Publications

Caregivers’ perception of the role of the socio-environment on their extremely preterm child’s well-being

Emmanuel CJ, Knafl K, Hodges EA, Docherty SL, Wereszczak JK, Rollins RV, Fry RC, O’Shea TM, Santos HP Jr.

J Pediatr Nurs. 2022 Sep-Oct;66:36-43. doi: 10.1016/j.pedn.2022.05.005. Epub 2022 May 25. PMID: 35623186; PMCID: PMC9427705.

PubMed Link

Purpose: The purpose of this qualitative descriptive study was to explore primary caregivers’ perception of how social-environmental characteristics, and their own role as primary caregivers, affected their extremely preterm adolescent’s well-being.

Methods: Participants were 20 mothers who identified as the primary caregiver of an adolescent born extremely prematurely (<28 weeks gestation) enrolled in the ELGAN cohort study. Data was collected through individual interviews and was analyzed using inductive content analysis.

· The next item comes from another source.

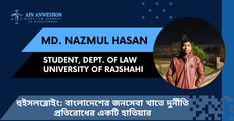 সারসংক্ষেপ (Abstract): বাংলাদেশের জনসেবা খাতে দুর্নীতি একটি দীর্ঘস্থায়ী ও চ্যালেঞ্জিং সমস্যা। হুইসলব্লোইং একটি কার্যকর মাধ্যম হিসেবে বিবেচিত হচ্ছে যা অভ্যন্তরীণ তথ্য প্রকাশের মাধ্যমে দুর্নীতি উন্মোচনে সহায়তা করে। এই প্রবন্ধে হুইসলব্লোইং-এর ধারণা, আইনি কাঠামো, কার্যকারিতা, এবং বাংলাদেশে এর বাস্তব প্রয়োগ ও চ্যালেঞ্জসমূহ বিশ্লেষণ করা হয়েছে। ভূমিকা হুইসলব্লোইং (Whistleblowing) বা দুর্নীতির বিরুদ্ধে অভ্যন্তরীণ সূত্র থেকে তথ্য প্রকাশ […]
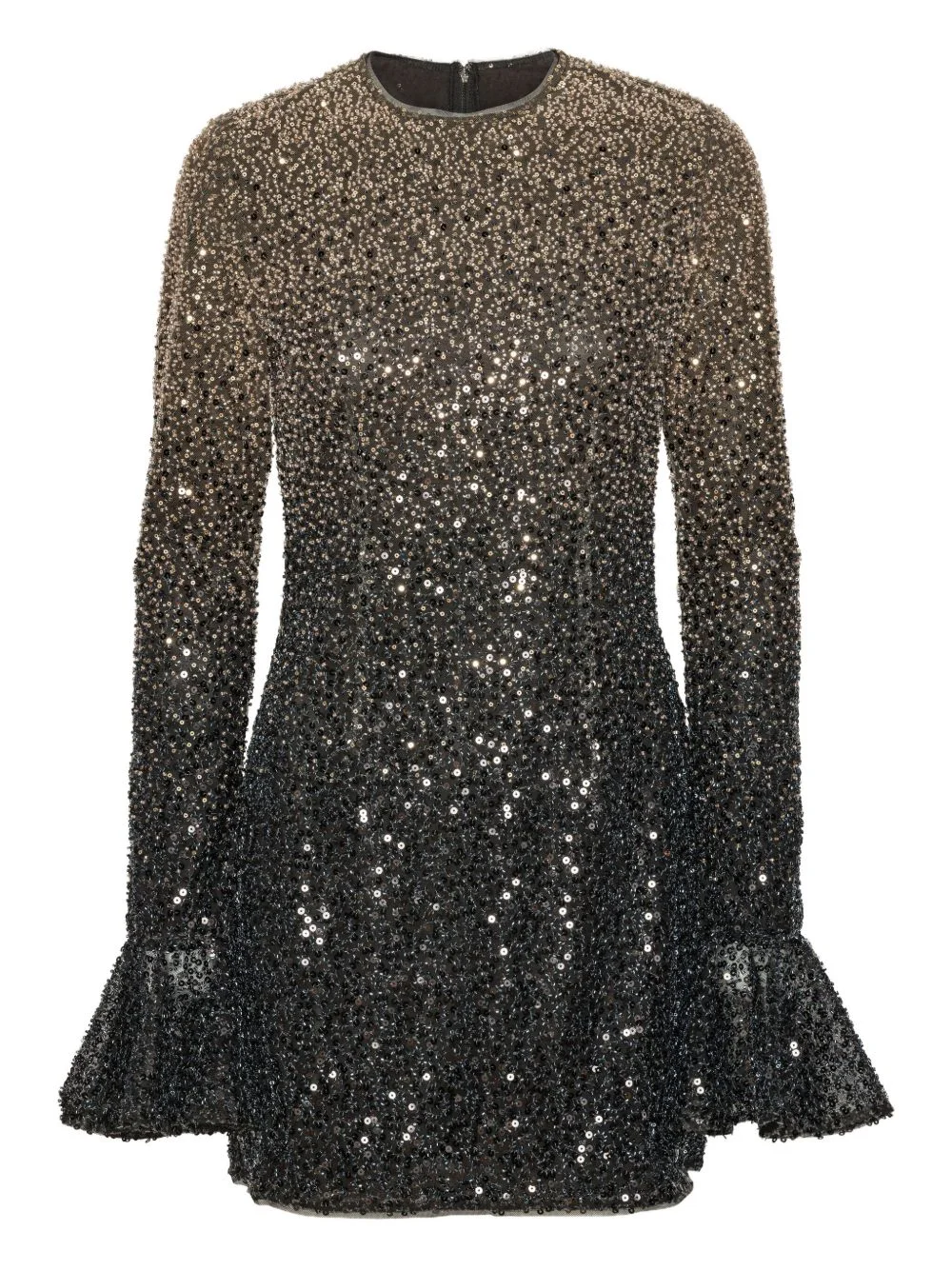 long-sleeve mini dress Highlights - Black and gold - Beaded embellishment - Long sleeves - Zip fastening - Round neck - Flared cuffs Imported Composition Outer: Recycled Polyester 100%, Polyester 100% Lining: Polyester 95%, Elastane 5% Washing instructions Read Manufacturer Guidelines

Results: A total of three themes, and five subthemes, were identified. The two main themes were “familial impact to health and well-being,” and “contributors and barriers at the community level.” This study described specific familial and community contributors to child and caregiver well-being, including: the importance of advocacy, participating in community activities, and social and familial support networks.

Conclusions: Overall, while there are individual level characteristics that contribute to well-being, a support structure at the family and community level is essential to children born extremely prematurely, and their mother’s, well-being.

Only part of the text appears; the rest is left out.